Gap not offset by reduced life expectancy due to higher rates of suicide among White Americans
The magnitude of lives shortened by gun violence in the US since the turn of the century has been more than twice as great among black Americans–particularly those up to the age of 20–as it has been among whites, finds research published online in BMJ Evidence Based Medicine.
The higher rates of firearms suicide among white Americans after the age of 20 hasn’t offset this yawning and widening racial gap in death rates linked to gun violence, the figures show.
Firearm deaths have become a major public health problem in the USA: US men can expect to live shorter lives than their peers in many other countries. And while overall US life expectancy increased from 76.8 in 2000 to 78.7 in 2014, it fell for the first time in 50 years in 2015, a trend that continued in 2016.
To try and quantify how much lives in the US might have been shortened by firearms assault and suicide since the turn of the century, and whether certain age groups and black Americans are disproportionately affected, the researchers used data for firearms deaths from 2000 to 2016.
The data came from the Centers for Disease Control and Prevention Wide-ranging Online Data for Epidemiologic Research (WONDER), and were categorised by age group, intent (suicide or assault), and race, and set against national estimates for life expectancy.
Reduced life expectancy usually falls with age, but it dropped suddenly at age 20 for black Americans as a result of being shot and killed, and steadily fell after the age of 20 among white Americans as a result of firearms suicide.
But although the premature shortening of life among whites over the age of 20 was greater than it was among blacks of the same age, this still didn’t offset the reduced life expectancy among blacks–a finding that “is indicative of persisting disparities in homicide among younger age groups,” say the researchers.
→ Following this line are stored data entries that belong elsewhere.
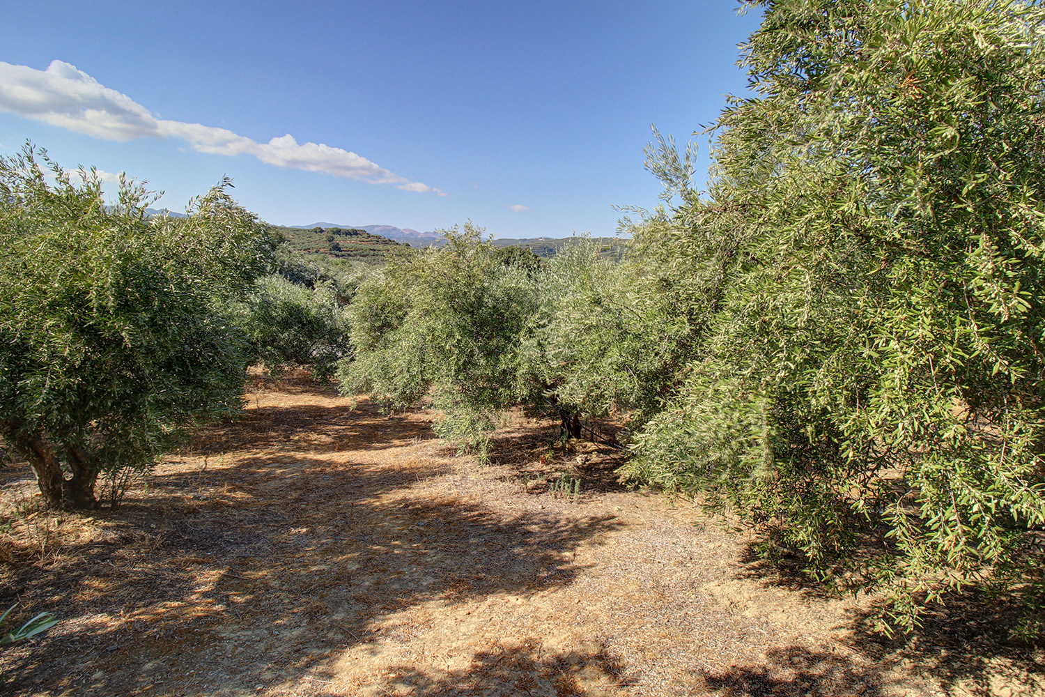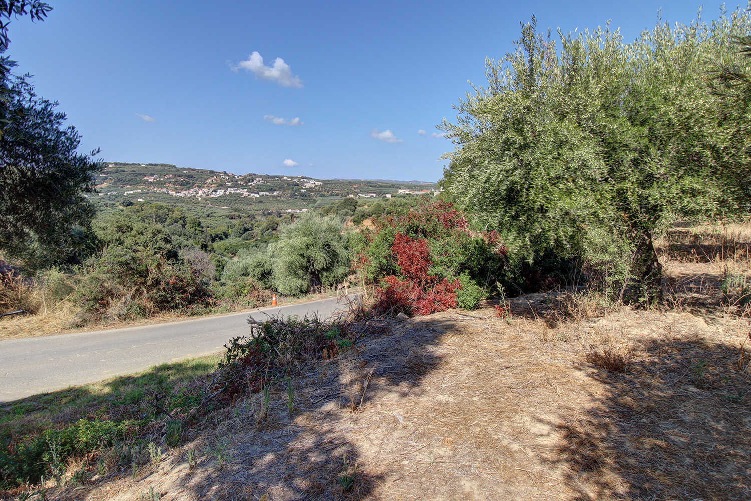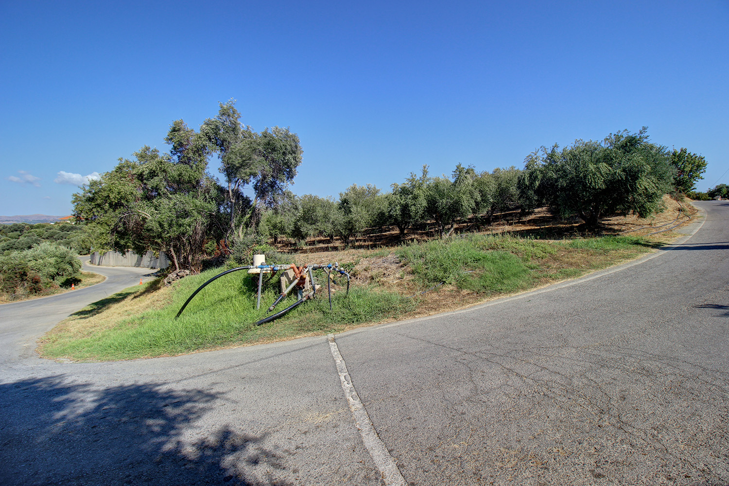 The plot is between the villages of Maleme and Vlacheronitissa. It is located in a sparsely-built area and is surrounded mainly by olive groves. It is a plot, for which a building permit is under issue and is included in the sale price for the construction of a ground-floor residence of 190 m² with a basement of 95 m² and a swimming pool of 55 m². The plot is almost rectangular and has a large frontage on an asphalt road. The land has a gentle southeast slope with frontages at the lowest points and there are approximately 80 mature and productive olive trees. The goal of the existing architectural study is to make as few modifications as possible to the form and the features of the plot as well as the maximum possible preservation of the existing olive grove. In any case, the plot grants guaranteed buildability and allows you to alter the permit and construct anything you wish in the future.
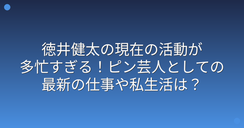 お笑いコンビ「平成ノブシコブシ」のツッコミ担当として知られる徳井健太さんですが、現在の活動が話題になっていますね。 相方の吉村崇さんとともに長年活躍してきた徳井健太さんですが、最近ではピン芸人としての活動も増えているようです。 そこで今回...
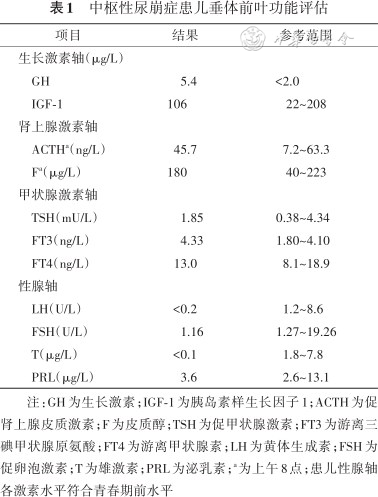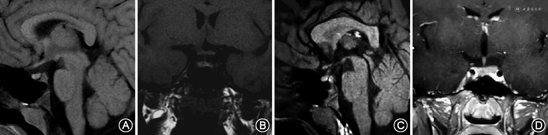 辅助检查:血生化结果:血钠:147 mmol/L,血氯:112 mmol/L,血糖、血钙正常;血常规结果:白细胞:6.10×109/L,中性粒细胞百分比:56.4%;垂体前叶功能评估提示生长激素轴、肾上腺激素轴、甲状腺激素轴功能大致正常,性腺轴符合青春期前的儿童水平(表1);禁水试验:禁水6 h后可见血渗透压升高至311 mOsm/kg、血钠升高至147 mmol/L,同时仍排出低渗尿,尿渗透压116 mOsm/kg、尿比重1.004,尿崩症定性诊断明确;简易去氨加压素试验:服用0.1 mg去氨加压素3 h后,尿量显著减少,尿渗透压升高至509 mOsm/kg,尿比重1.015,中枢性尿崩症诊断明确;尿崩症病因检查:抗核抗体谱:抗核抗体(ANA)低滴度(1∶80)阳性,核型为斑点型(S),其余自身抗体均为阴性;免疫球蛋白、补体、超敏C反应蛋白、血IgG亚类测定、甲胎蛋白、癌胚抗原、β人绒毛膜促性腺激素和血管紧张素转化酶等均正常;垂体增强MRI:鞍区、松果体、基底节区未见异常占位性病变或异常强化灶,垂体后叶短T1信号未见明显显示(图1);视野检查:无视野缺损;纯音测听及声导抗结果未见明显异常;骨龄相:骨龄5~6岁。
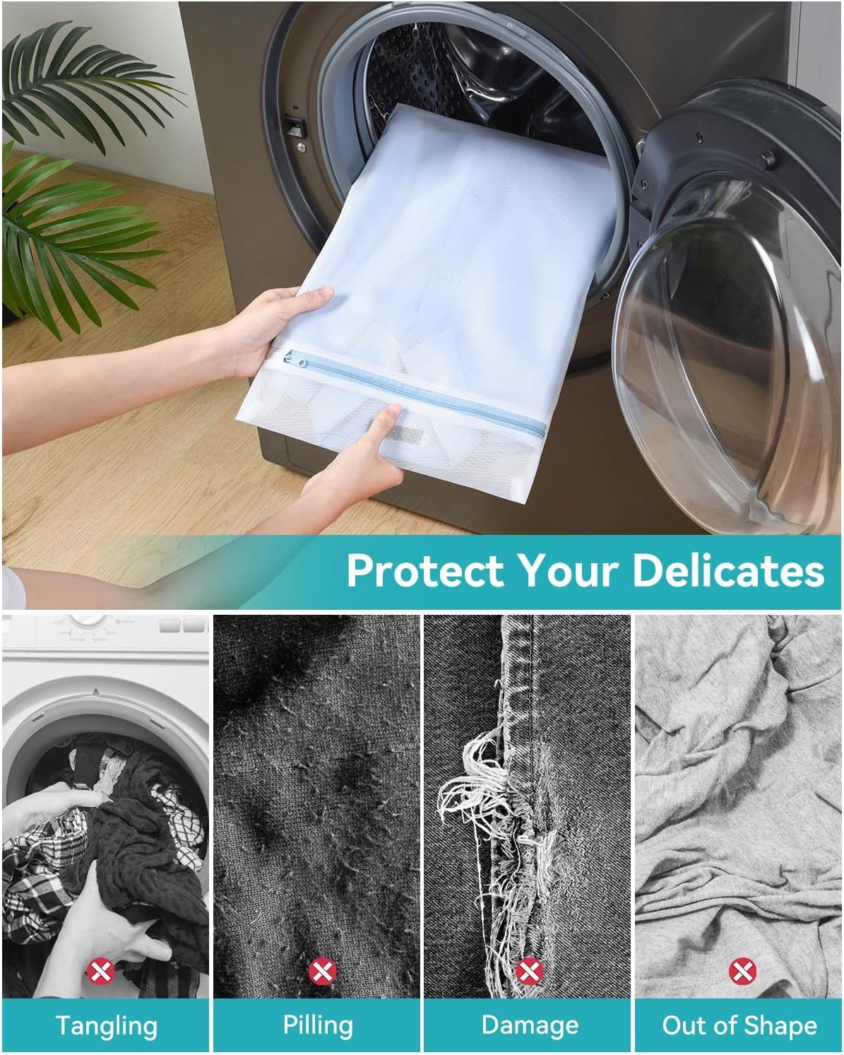 • PROTECT CLOTHES: Our lingerie washing bags for laundry can offer a reliable protection for baby clothes, lingerie, bras, underwear, socks, silk and other delicates in the washer or dryer, saving them from getting tangled, deformed or damaged, while also greatly reducing the risk of colors bleeding and extending the life of your clothes
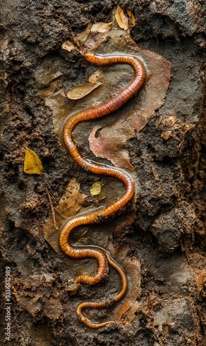© jambulart, Obraz premium Worm on wet ground with leaves.
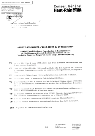 portant modification de l'autorisation de fonctionnement de l'établissement d'accueil d'enfants de moins de six ans "Les Petits Chaperons Rouges" sis rue du Loup à HESINGUE (68220). Resumé Pièces jointes ARRETE Assemblée : Non défini Date : 27/02/2014 Rapporteur : Non défini Collectivité : Conseil départemental du Haut-Rhin Direction : Non défini Service : Direction Enfance Santé Insertion Domaine : Accueil d'enfants Commission :
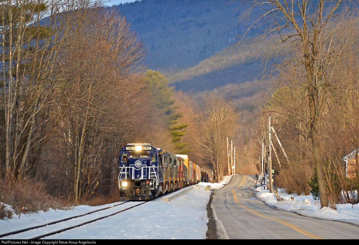 | Pan Am train 11R detours over the Vermont Railway climbing the grade along Sunderland Road en route to Hoosick Jct. Pan Am has been detouring this train over the Vermont Rail System to avoid the closed Hoosac tunnel in Mass. |

The calculations showed that the overall reduced life expectancy as a result of gun violence was just under 2.5 years, but it was twice as high among black Americans (4.14 years) as it was among white Americans (2.23 years).
Shootings lopped nearly a year off life expectancy in total, but nearly 3.5 years for black Americans compared with under 6 months for whites.
Firearm suicides shortened lives by 1.43 years, but by just over 6 months in black Americans compared with 1.62 years in whites.
The study authors point out that research in 2000 revealed a difference in deaths linked to gun violence between black and white Americans–a trend that has continued–but this gap looks to have widened even further, with the total premature loss of life even greater.
“Our study using cumulative data from 2000 to 2016 demonstrates a total firearm life expectancy loss of 905.2 days, which is nine times greater than observed in 2000, indicating increasing life expectancy loss by year,” they write.
The authors acknowledge that the data didn’t enable them to look at deaths by ethnicity–Hispanics, for example–and that many ethnic groups may be included in what is understood by black American nationality.
“Americans lose substantial years of life due to firearm injury,” write the authors. “In the absence of comprehensive firearms legislation, targeted prevention programmes and policies are needed to mitigate the racial firearm injury gaps in the USA,” they conclude.